My alterior motive is social networking. I was hoping for a dojo/gym with other twenty somethings who share my interest in martial arts. Dallas has some great things to see and do, but very few of them can be seen and done alone. 

I looked into Lions Den after my co-worker visited the gym. She has never practiced martial arts (she took ballet when she was younger hehe) and she loved the the Lion's Den. Young crowd, instructors push hard, and cute guys (always a plus). But she overheard someone saying that monthly membership dues are $109! I can't pay $109 a month! I've got bills to pay! And a gym membership I can't get out of!


----------



## TKDJUDO (Dec 28, 2007)

I know a couple Gyms in Greater Dallas, mostly in the Irving and Plano area. Didn't train there, but my close friends did for a while.

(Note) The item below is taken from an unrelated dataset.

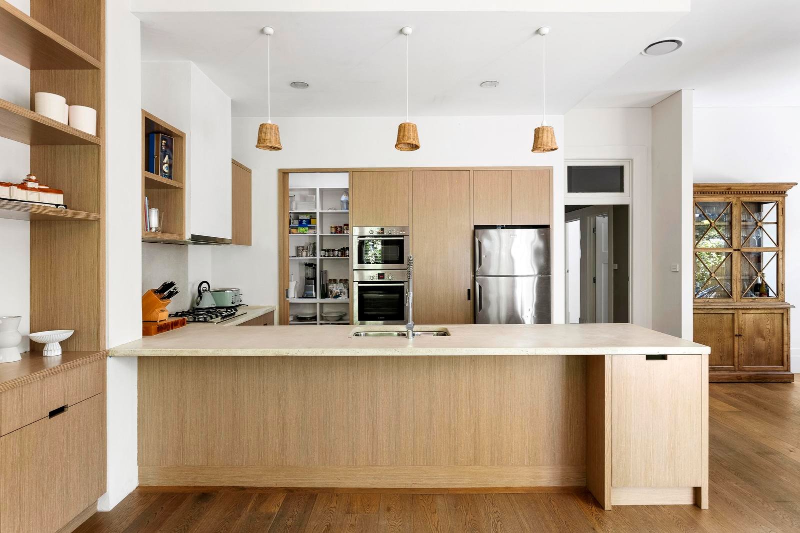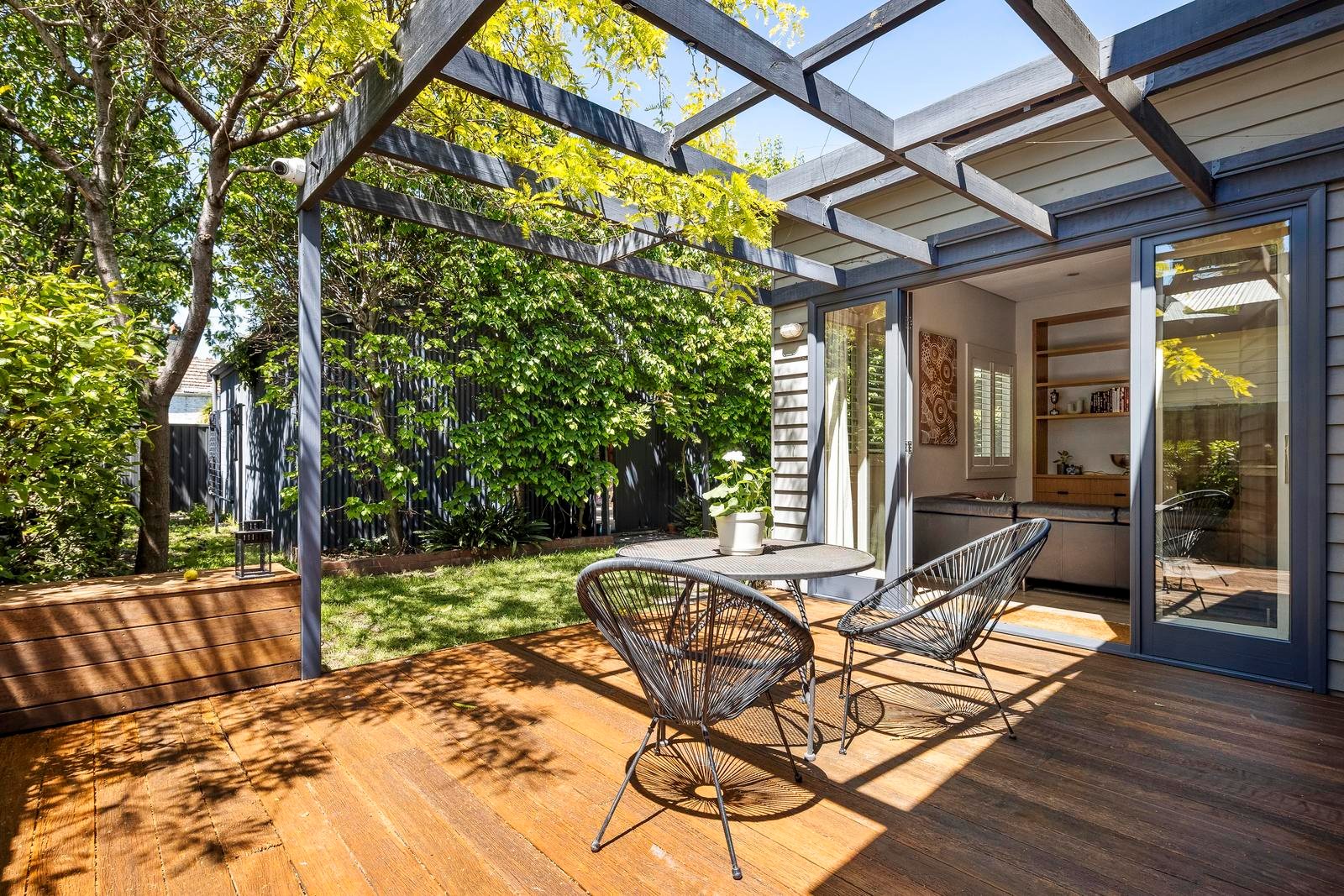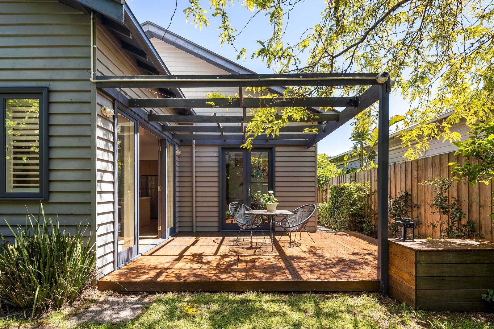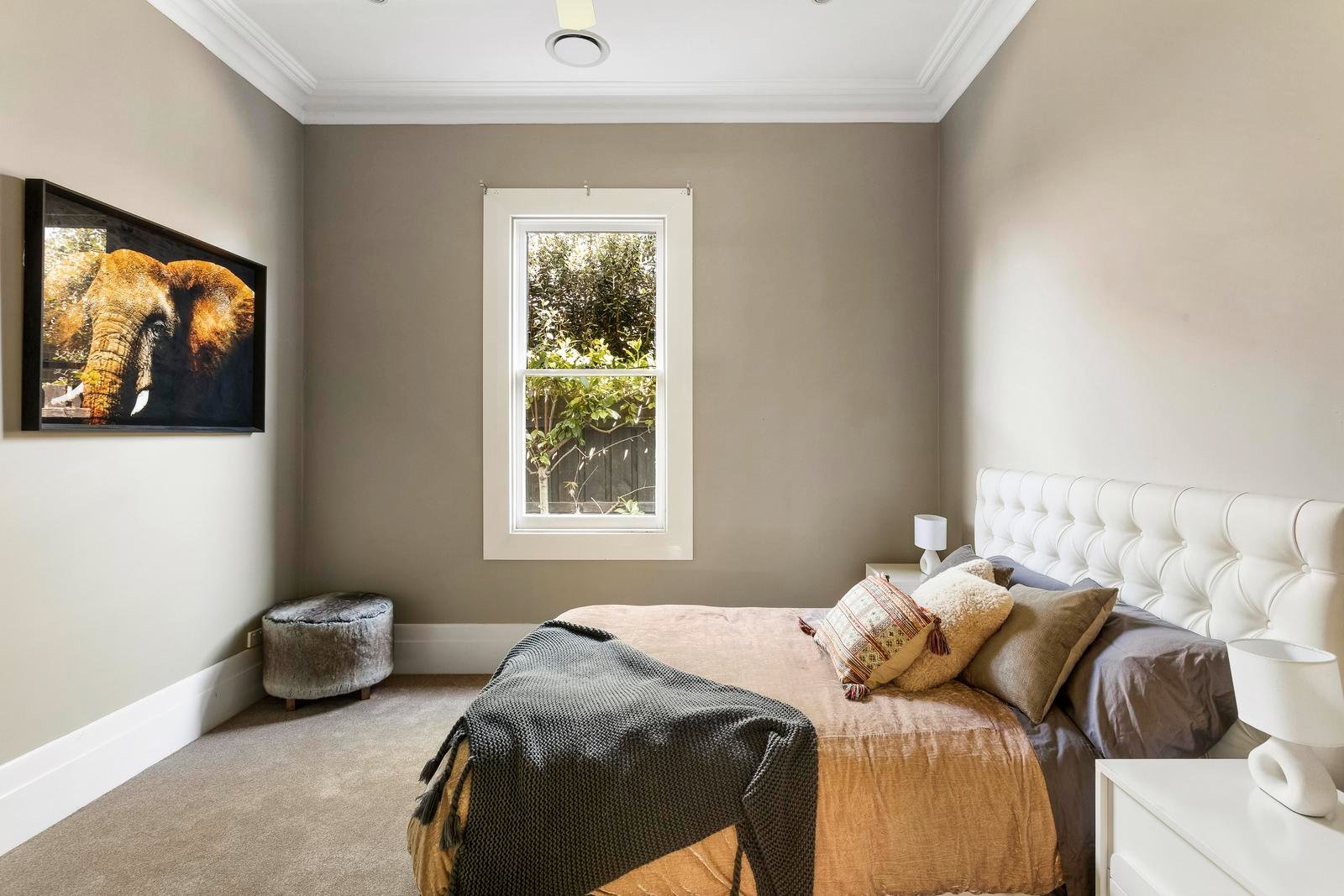 Step inside to a wide entrance hall adorned with original pressed metal detailing, setting the tone for the quality craftsmanship throughout. The heart of the home features a designer Bosch kitchen with concrete benchtops, walk-in pantry, and generous storage, flowing into expansive living and dining areas that open to a north-facing deck and private garden—perfect for entertaining or relaxing with loved ones.

Saekson Janjira Muay Thai Kickbixing - www.saekson.com (Plano, TX)

George Prevalsky Boxing & Muay Thai - www.muaythaiboxing.com (Irving, TX)



There was one in the Fort Worth area that I think you should visit. Instructors are amazing. I used to live in the Fort Worth Area :karate: Definately worth the drive.

Peak Performance BJJ & Muay Thai - http://www.peakbjj.com/ (North Richland Hills, TX)

Hope This helps

Cheers


----------



## Neha (Dec 28, 2007)

Best advice I've gotten so far. Thanks!


----------